In order to ensure that all queries are efficient, the Cloud Datastore does not allow queries which perform query-time calculations on the field values, such as HOUR(field_name) or field_a > field_b. In some of these cases (such as the HOUR example), gcloudc's special indexes functionality can pre-compute these values for you and save them to an index. But sometimes you'll want to pre-compute values yourself in order to query on them.

gcloudc.db.models.fields.computed provides a set of fields which allow you to easily compute a value at save-time which can then be queried directly.

Each computed field generally takes the same values as the standard version of the field, but the first argument must be either:

  • A callable which will be passed the model instance and should return the computed value to be stored.
  • A string giving the name of a method on the model class which will return the computed value to be stored.

Example usage:

class MyModel(models.Model):
    wholesale_price = PositiveIntegerField()
    retail_price = PositiveIntegerField()

    profit = ComputedPositiveIntegerField("_calculate_profit")

    def _calculate_profit(self):
        return self.retail_price - self.wholesale_price

With all computed fields, the values are computed and saved during the execution of the save method. So if you're adding a computed field to an existing model, you'll need to re-save all existing objects before you can query on the computed values.

The available computed fields are:

  • ComputedCharField
  • ComputedTextField
  • ComputedIntegerField
  • ComputedPositiveIntegerField
  • ComputedBooleanField
  • ComputedCollationField (see below)

If you need another type of computed field, you can easily make your own using ComputedFieldMixin, like this:

from gcloudc.db.models.fields.computed import ComputedFieldMixin

class ComputedDateField(ComputedFieldMixin, models.Datefield):
    pass

ComputedCollationField works slightly differently to the others. App Engine sorts strings based on the unicode codepoints that make them up. When you have strings from non-ASCII languages this makes the sort order incorrect (e.g. Ł will be sorted after Z). This field uses the pyuca library to calculate a sort key using the Unicode Collation Algorithm, which can then be used for ordering querysets correctly.

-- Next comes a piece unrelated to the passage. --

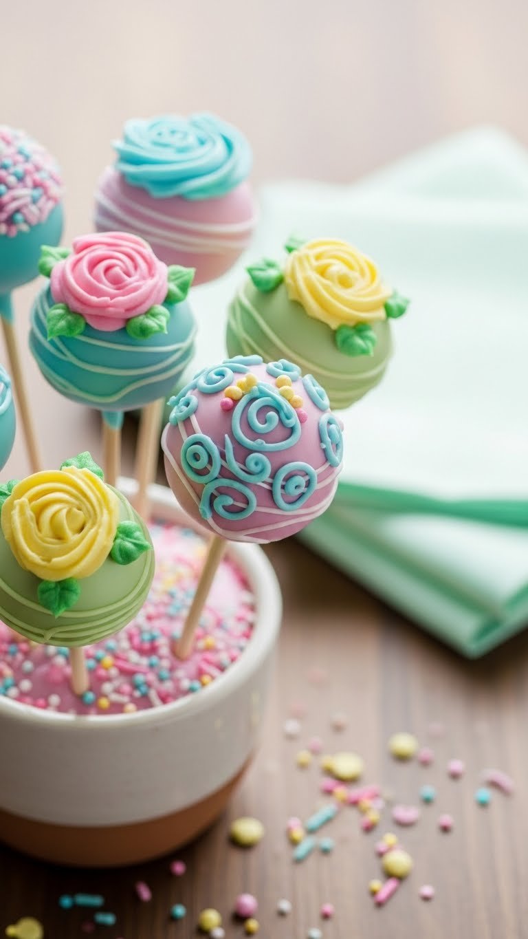 - Pipe small petal clusters or rosettes on top of each cake pop. Chill briefly to set.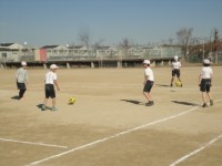 午後から4年生の体育はラインサッカーです。ボールをける,パスをする,ボールを足で...

Unlike the other computed fields, this field should be passed the name of the field whose collation it is storing as the first argument.

Example usage:

from gcloudc.db.models.fields.charfields import CharField
from gcloudc.db.models.fields.computed import ComputedCollationField

class Customer(models.Model):
    name = CharField()
    sortable_name = ComputedCollationField("name")

Customer.objects.create(name="Ale")
Customer.objects.create(name="Łukasz")
Customer.objects.create(name="Rachel")

Customer.objects.order_by("name")
[<Customer Ale>, <Customer Rachel>, <Customer Łukasz>]

Customer.objects.order_by("sortable_name")
[<Customer Ale>, <Customer Łukasz>, <Customer Rachel>]

Querying on iterable fields

ListField, SetField, RelatedListField and RelatedSetField can all be queried using the __contains and __overlap filters that you can use on the Postgres ArrayField. The __contained_by filter is not currently supported.

Note that for __contains filters, if you're only querying with a single value then you can simply do: .filter(iterable_field__contains=value) rather than .filter(iterable_field__contains=[value]).

For the RelatedListField and RelatedSetField you can pass either model instances or primary keys as values to the filter.